:: Provided records ::

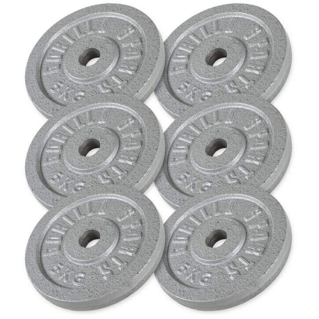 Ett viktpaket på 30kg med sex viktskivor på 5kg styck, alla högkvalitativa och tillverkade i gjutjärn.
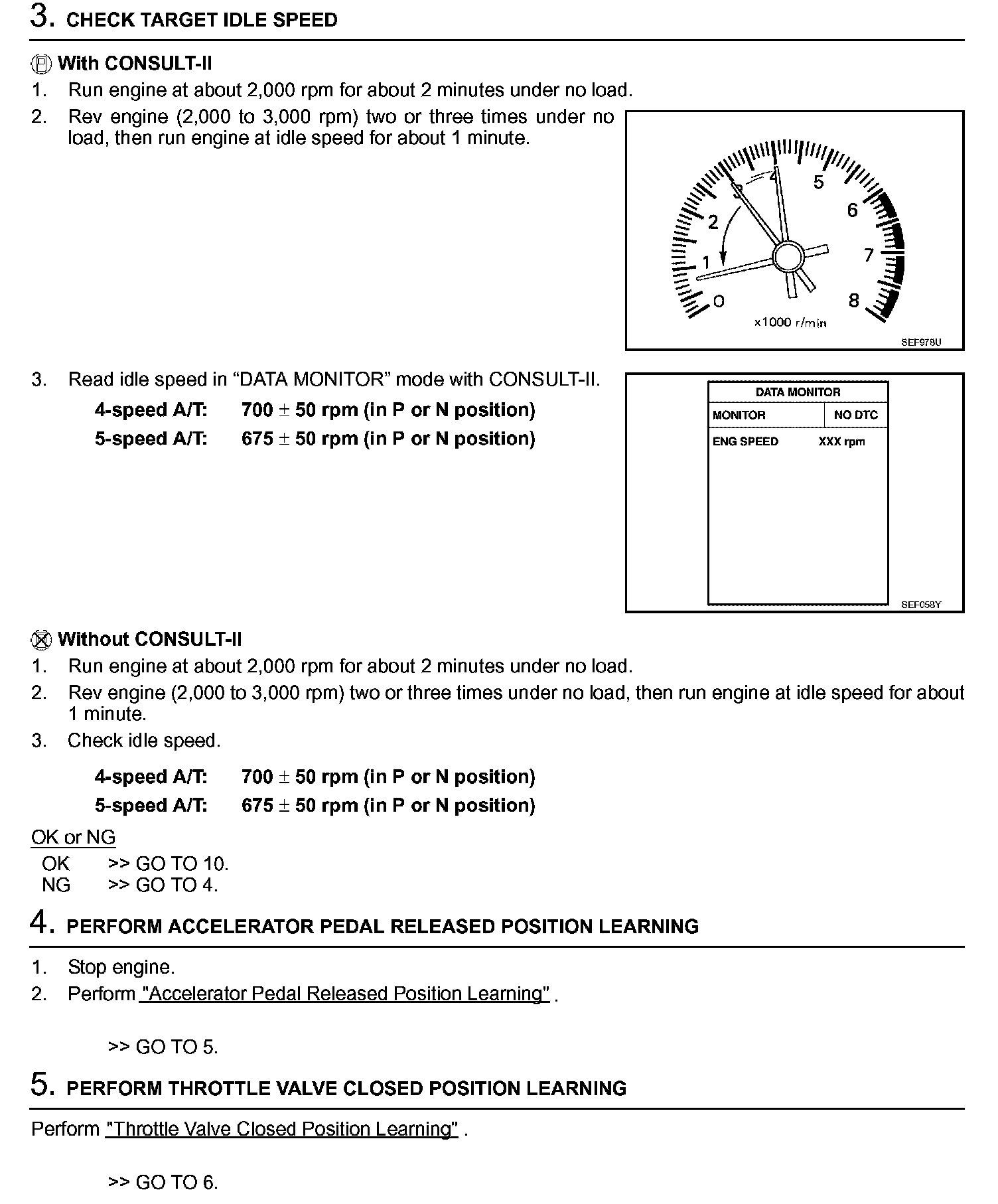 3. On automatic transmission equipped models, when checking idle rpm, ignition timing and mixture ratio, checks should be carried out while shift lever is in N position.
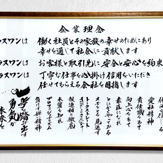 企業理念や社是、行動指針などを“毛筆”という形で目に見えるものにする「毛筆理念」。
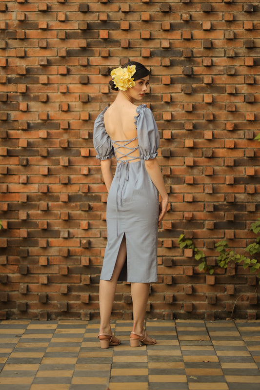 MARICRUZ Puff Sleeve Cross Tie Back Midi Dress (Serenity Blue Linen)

:::
:: Provided records ::

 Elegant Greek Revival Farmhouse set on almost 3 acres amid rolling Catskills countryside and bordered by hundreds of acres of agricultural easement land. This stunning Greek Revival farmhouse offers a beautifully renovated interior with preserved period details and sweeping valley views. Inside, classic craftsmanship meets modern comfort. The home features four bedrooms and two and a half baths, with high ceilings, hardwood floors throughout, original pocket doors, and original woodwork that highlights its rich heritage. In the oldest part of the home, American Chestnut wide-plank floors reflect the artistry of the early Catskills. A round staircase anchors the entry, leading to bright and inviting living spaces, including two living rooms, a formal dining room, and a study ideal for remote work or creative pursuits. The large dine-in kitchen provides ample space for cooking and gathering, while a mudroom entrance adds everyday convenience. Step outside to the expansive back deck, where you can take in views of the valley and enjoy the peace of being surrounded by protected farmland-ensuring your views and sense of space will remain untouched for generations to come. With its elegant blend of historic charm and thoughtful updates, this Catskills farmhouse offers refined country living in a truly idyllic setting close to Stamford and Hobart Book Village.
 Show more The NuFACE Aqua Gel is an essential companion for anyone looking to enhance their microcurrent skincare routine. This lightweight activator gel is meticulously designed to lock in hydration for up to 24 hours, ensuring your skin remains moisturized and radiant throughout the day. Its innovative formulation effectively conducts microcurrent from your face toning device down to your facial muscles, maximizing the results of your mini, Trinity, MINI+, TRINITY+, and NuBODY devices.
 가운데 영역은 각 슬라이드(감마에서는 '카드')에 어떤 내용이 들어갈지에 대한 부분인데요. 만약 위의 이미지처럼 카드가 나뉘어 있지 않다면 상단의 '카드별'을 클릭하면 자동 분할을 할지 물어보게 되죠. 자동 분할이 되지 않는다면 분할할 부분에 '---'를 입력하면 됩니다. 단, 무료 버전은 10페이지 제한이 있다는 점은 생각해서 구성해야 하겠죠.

:::
:: Provided records ::

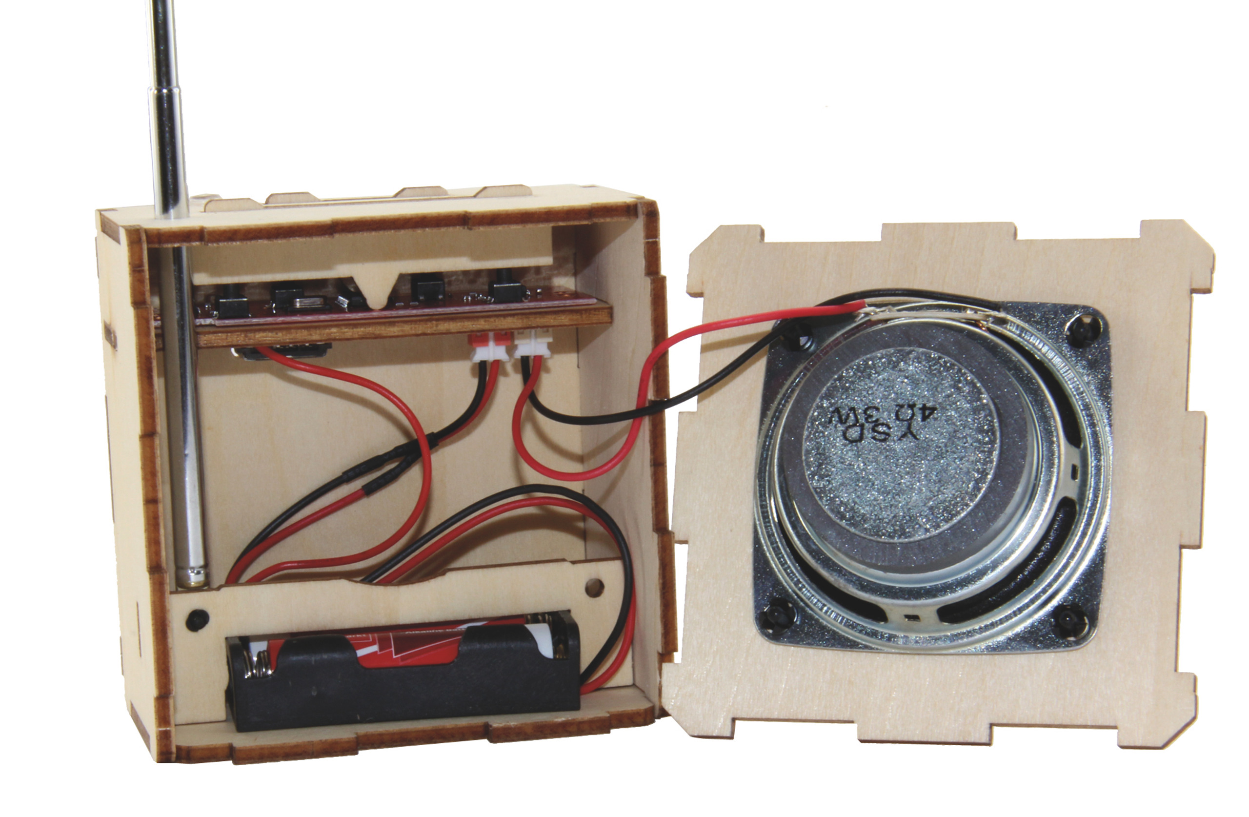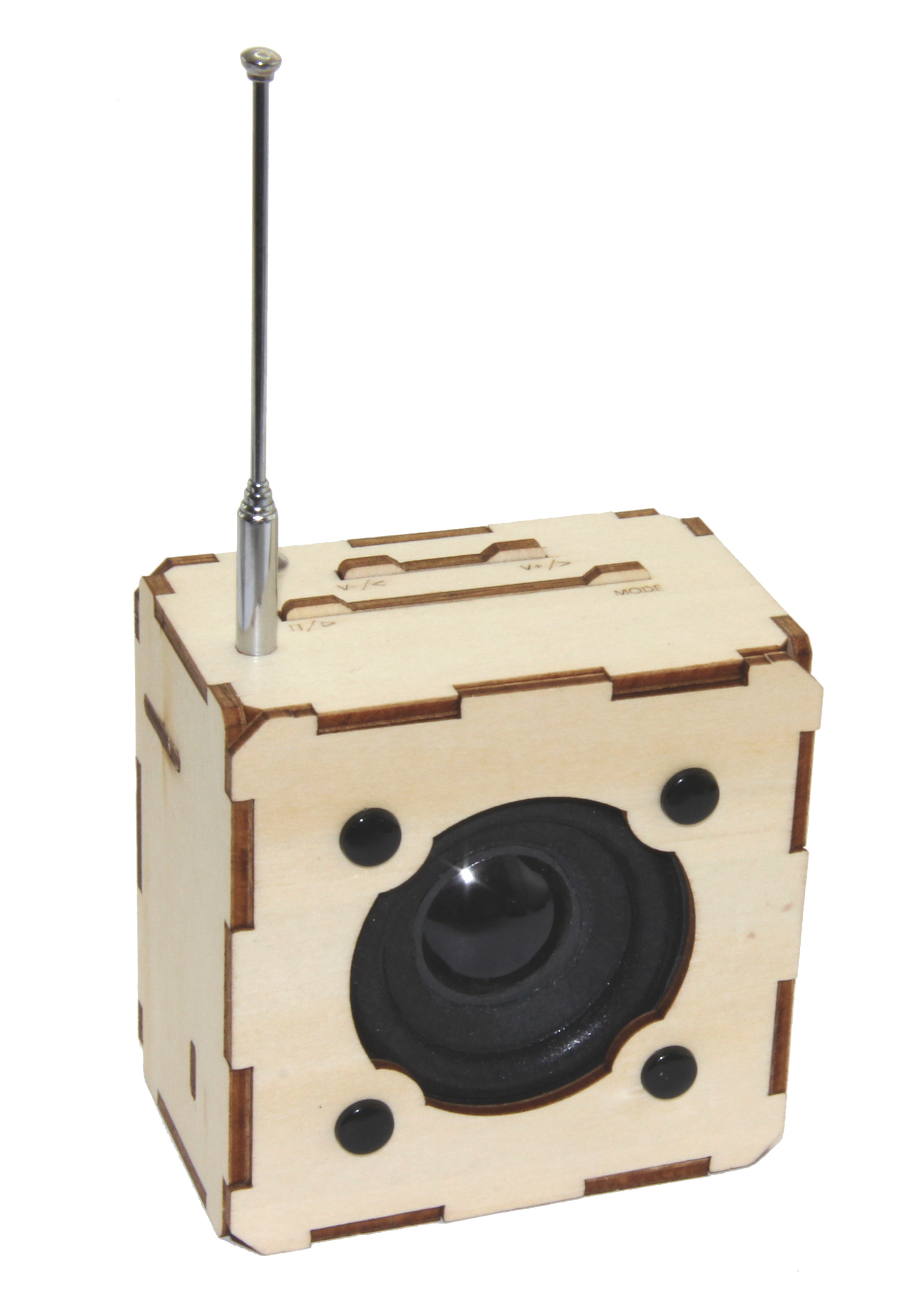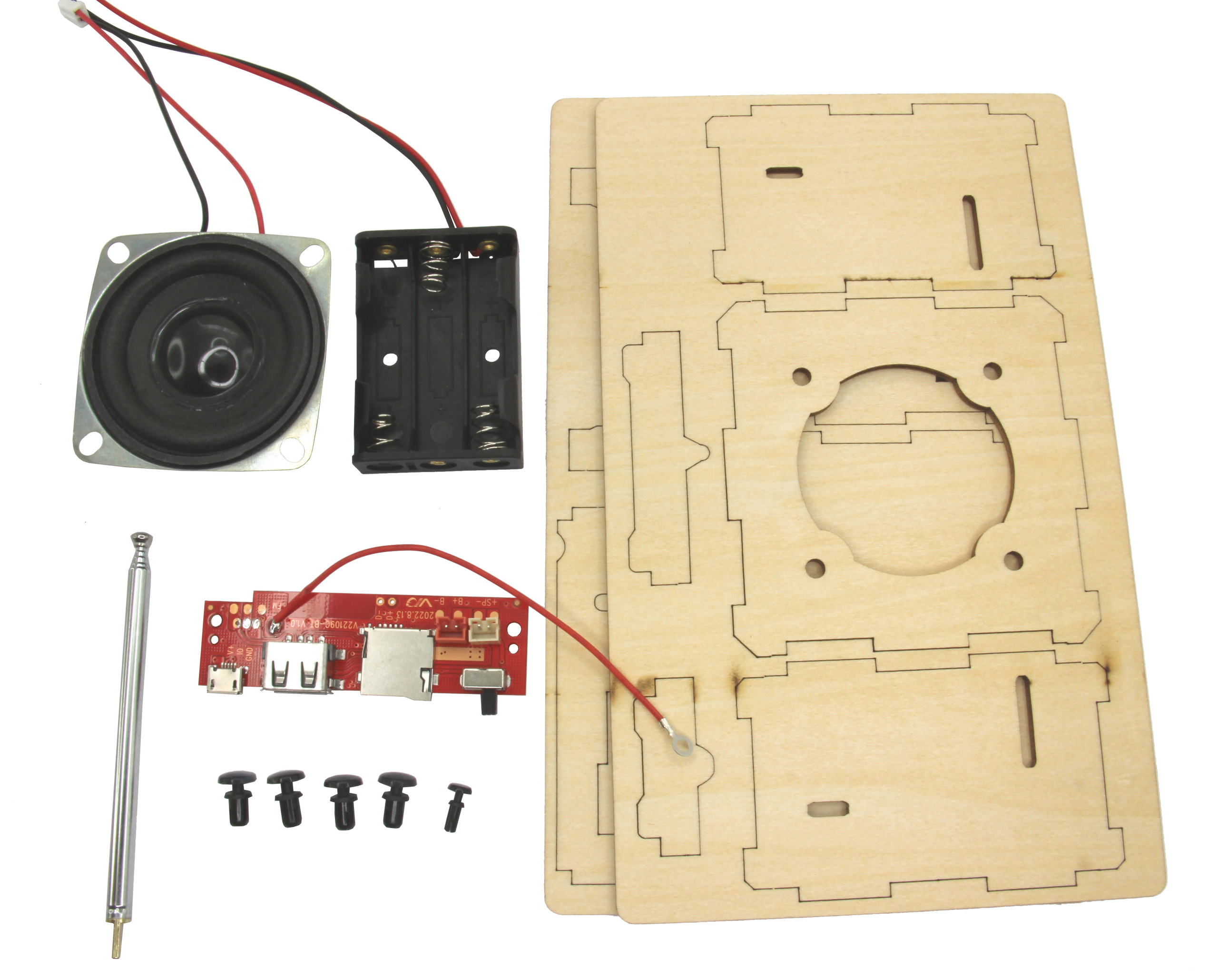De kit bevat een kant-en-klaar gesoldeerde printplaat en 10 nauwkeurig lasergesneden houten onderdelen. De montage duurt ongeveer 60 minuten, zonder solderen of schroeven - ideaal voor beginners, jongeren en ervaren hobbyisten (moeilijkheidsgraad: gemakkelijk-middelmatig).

:::

= Task objective =
The reply should hold exactly the lines above, starting at the line with "3. On automatic" and ending at the line with "MARICRUZ Puff Sleeve", and no pictures.

= Exercise solution =
 3. On automatic transmission equipped models, when checking idle rpm, ignition timing and mixture ratio, checks should be carried out while shift lever is in N position.
 企業理念や社是、行動指針などを“毛筆”という形で目に見えるものにする「毛筆理念」。
 MARICRUZ Puff Sleeve Cross Tie Back Midi Dress (Serenity Blue Linen)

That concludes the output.